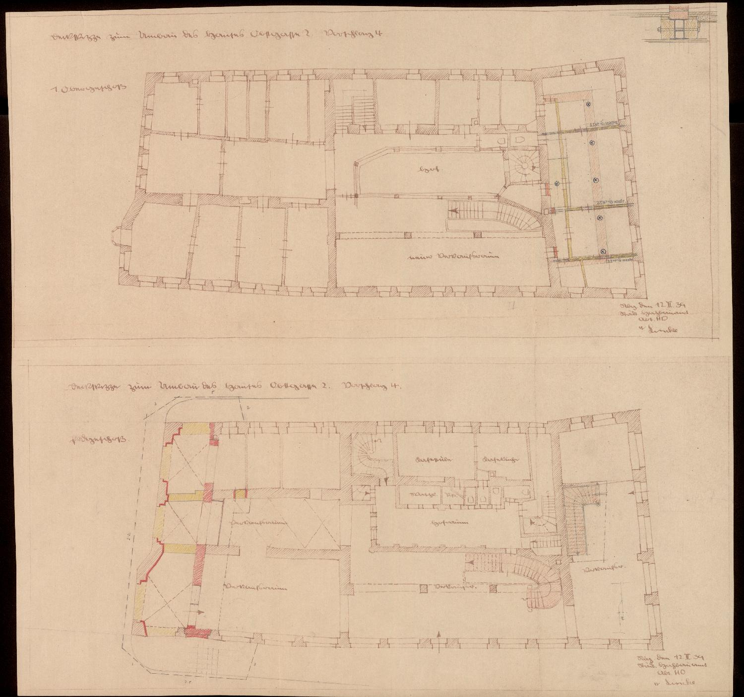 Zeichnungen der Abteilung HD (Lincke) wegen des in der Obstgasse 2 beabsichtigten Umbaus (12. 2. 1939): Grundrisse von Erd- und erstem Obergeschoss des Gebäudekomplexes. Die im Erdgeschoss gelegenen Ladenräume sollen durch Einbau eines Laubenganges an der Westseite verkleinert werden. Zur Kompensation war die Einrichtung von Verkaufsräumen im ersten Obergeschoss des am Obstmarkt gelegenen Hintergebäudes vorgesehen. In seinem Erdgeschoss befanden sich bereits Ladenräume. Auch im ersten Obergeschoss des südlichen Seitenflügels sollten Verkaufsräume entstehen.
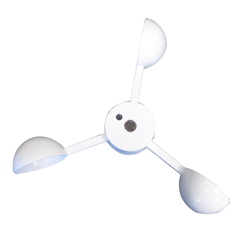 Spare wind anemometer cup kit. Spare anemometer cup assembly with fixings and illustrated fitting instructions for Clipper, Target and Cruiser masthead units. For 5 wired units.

^^^^^^^^

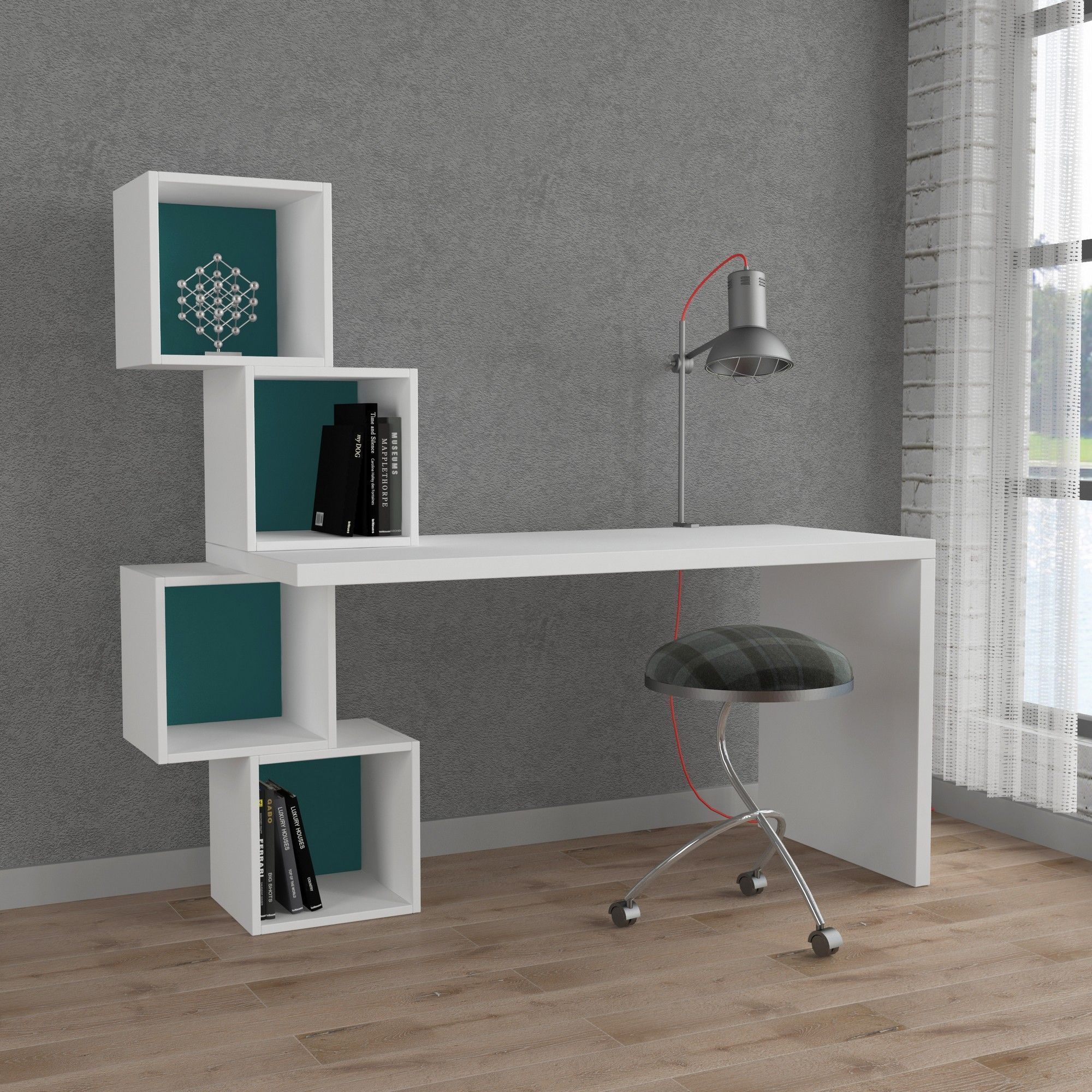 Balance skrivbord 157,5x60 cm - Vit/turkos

^^^^^^^^

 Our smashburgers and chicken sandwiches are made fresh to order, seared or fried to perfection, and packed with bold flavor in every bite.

^^^^^^^^

In the data above, take the line with "Zeichnungen der Abteilung", the line with "Spare wind anemometer", and every line between, and set them down exactly without pictures.

§ **RESULT OF THE TASK**:
 Zeichnungen der Abteilung HD (Lincke) wegen des in der Obstgasse 2 beabsichtigten Umbaus (12. 2. 1939): Grundrisse von Erd- und erstem Obergeschoss des Gebäudekomplexes. Die im Erdgeschoss gelegenen Ladenräume sollen durch Einbau eines Laubenganges an der Westseite verkleinert werden. Zur Kompensation war die Einrichtung von Verkaufsräumen im ersten Obergeschoss des am Obstmarkt gelegenen Hintergebäudes vorgesehen. In seinem Erdgeschoss befanden sich bereits Ladenräume. Auch im ersten Obergeschoss des südlichen Seitenflügels sollten Verkaufsräume entstehen.
 Spare wind anemometer cup kit. Spare anemometer cup assembly with fixings and illustrated fitting instructions for Clipper, Target and Cruiser masthead units. For 5 wired units.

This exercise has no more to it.